Academic engagement of high school students with significant disabilities: A competence-oriented interpretation

Date of Award

1999

Degree Type

Dissertation

Degree Name

Doctor of Philosophy (PhD)

Department

Teaching and Leadership

Advisor(s)

Douglas P. Biklen

Keywords

Academic engagement, High school students, Disabilities, Inclusion

Subject Categories

Education | Special Education and Teaching | Teacher Education and Professional Development

Abstract

This is a study of five high school students with significant disabilities and their observed participation and engagement in the academic curriculum in general and special education classes. The students had labels of mental retardation and either could not speak or could not speak fluently. The study looked not only at their engagement, but how their educators perceived and interpreted their participation in terms of engagement. Inclusion literature has focused largely on elementary and middle school students until recently. Most of this literature has focused on the benefits of inclusion for the development of social skills and the furthering of therapeutic goals and goals of daily living, and on the benefits of inclusion for the nondisabled peers. Only recently has research attention turned to the inclusion of high school students with intellectual disability labels. But this work has not addressed academic instruction. This study focuses on the details of class participation in light of what the students do in class and the meaning professional educators make of their presence, their disabilities, and their participation.

I conducted a qualitative study of five students in the tradition of symbolic interactionism and from the perspective of disability as a sociology that describes disability as constructed by the meanings people make of it.

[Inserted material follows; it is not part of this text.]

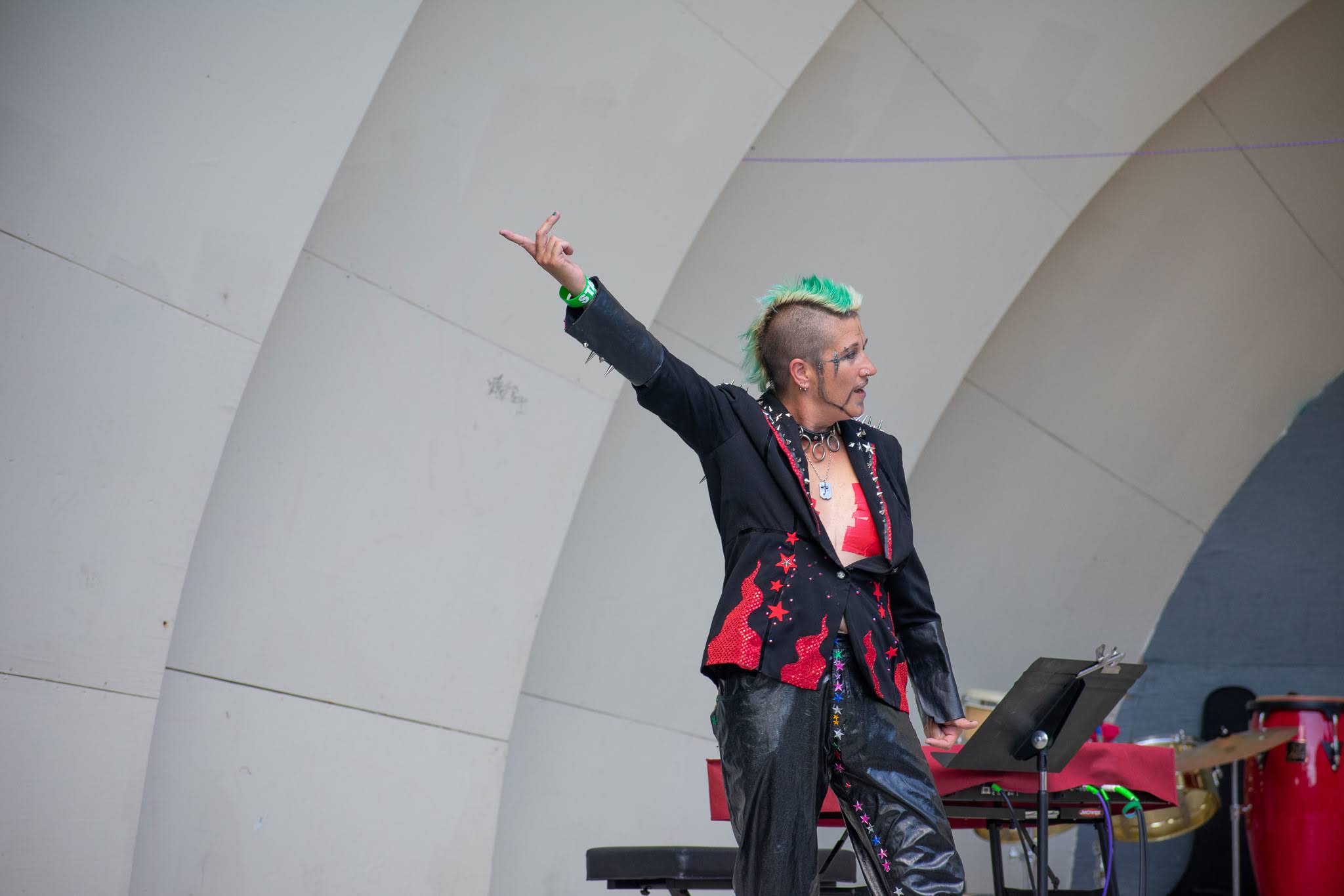 A drag king from Denver-based group Mile High KINGdom performs Sweet Dreams (Are Made of This) by Eurythmics and Marilyn Manson. Sep. 9, 2018. (Anna Haynes/CU Independent)
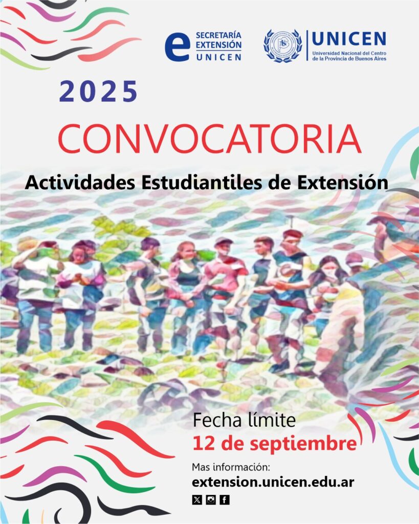 La Secretaría de Extensión de la Universidad Nacional del Centro de la Provincia de Buenos Aires (UNICEN) anuncia la apertura de la VI Convocatoria de Actividades Estudiantiles de Extensión, destinada a equipos de estudiantes que deseen desarrollar propuestas junto a organizaciones comunitarias de la región.

Following the five students in three separate high schools and with daily schedules ranging from full inclusion to almost full segregation, I set aside assumptions of their intellectual incompetence and sought to get to know their perspectives and strategies for participation and nonparticipation.

Analysis of patterns of educators' perceptions and expectations of the students, the students' patterns of participation, and the educators' patterns of assessment revealed a chaotic set of competing representations and images of the students and their abilities. These images often obscured their identities as purposeful, thinking human beings with actual and potential interest in the academic curriculum. The analysis also identifies classroom opportunity structures and assessment strategies that enhanced and obscured students' actual engagement and potential as students.